Is Mediation Confidential?

Yes, mediation is confidential. In order for the parties participating in the mediation to have open and honest communication it is important that the discussions take place “off the record”.

The mediator will not, unless otherwise agreed to in writing by all parties, voluntarily disclose the substance of the discussions to anyone. You will be asked to sign an “Agreement to Mediate” form which states that you will not be able to call the mediator to testify in any subsequent legal proceedings. The one exception to the confidentiality rule is if child abuse, elder abuse or potential harm to any of the parties is suspected. By law the mediator is required to disclose this information.

Does the Mediator make decisions?

No, the mediator does not make decisions for you. The mediator is strictly a neutral third party that helps to facilitate the discussions.

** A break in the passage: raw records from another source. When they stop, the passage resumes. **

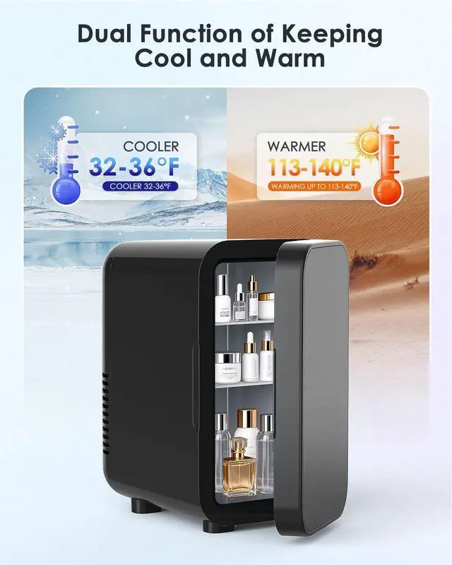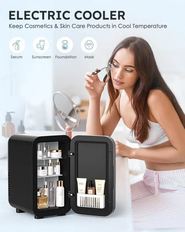 Ultra-Quiet Operation: Engineered with a semiconductor cooling chip and a high-quality brushless fan motor, this skincare mini fridge operates at an ultra-low 38 dB, making it quiet enough for environments like bedrooms and offices without disrupting sleep or focus
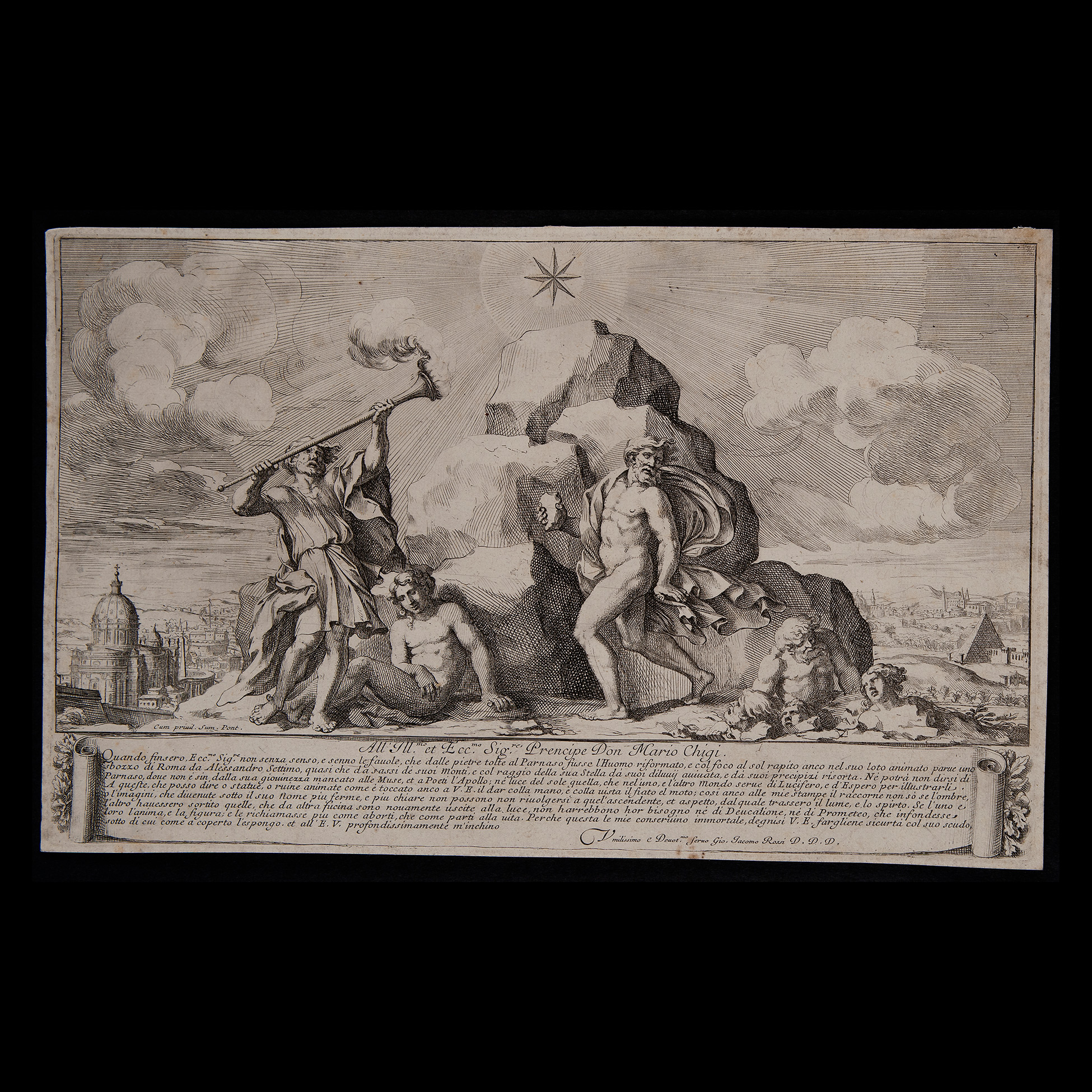 Giovanni Giacomo De Rossi (1627 – Roma 1691), Pregevole incisione raffigurante un'allegoria celebrativa per il Principe Don Mario Chigi, Roma seconda metà del XVII secolo Opera grafica realizzata su carta vergellata e filigrana. In basso presente un gra
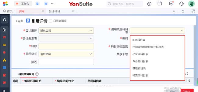 選擇自己需要的科目表類型(注:*為必填項(xiàng))

Do I still need a Family lawyer?

Yes, you do need a lawyer. It is important that you are aware of your legal rights so that you can make informed decisions. The role of the lawyer is lessened in the mediation process. This provides you with a significant cost savings.


How much does it cost?

There is an hourly fee for mediation sessions and a separate fee for documenting the draft Memorandum of Understanding. Costs are shared between the parties attending mediation. Fees are payable at the end of each mediation session. Keep in mind that mediation is less costly, both financially and emotionally, than litigation. Check with your employer or your Employee Assistance Plan to see if funding is available for mediation.
 

How long does it take?

The length of mediation depends on how many issues there are to mediate and how open and cooperative the parties are. In general there are individual sessions of 1-1 ½ hours with each party and then a number of joint/group sessions that run usually 2-3 hours. If there are fewer minor issues, perhaps only one joint/group session may be required.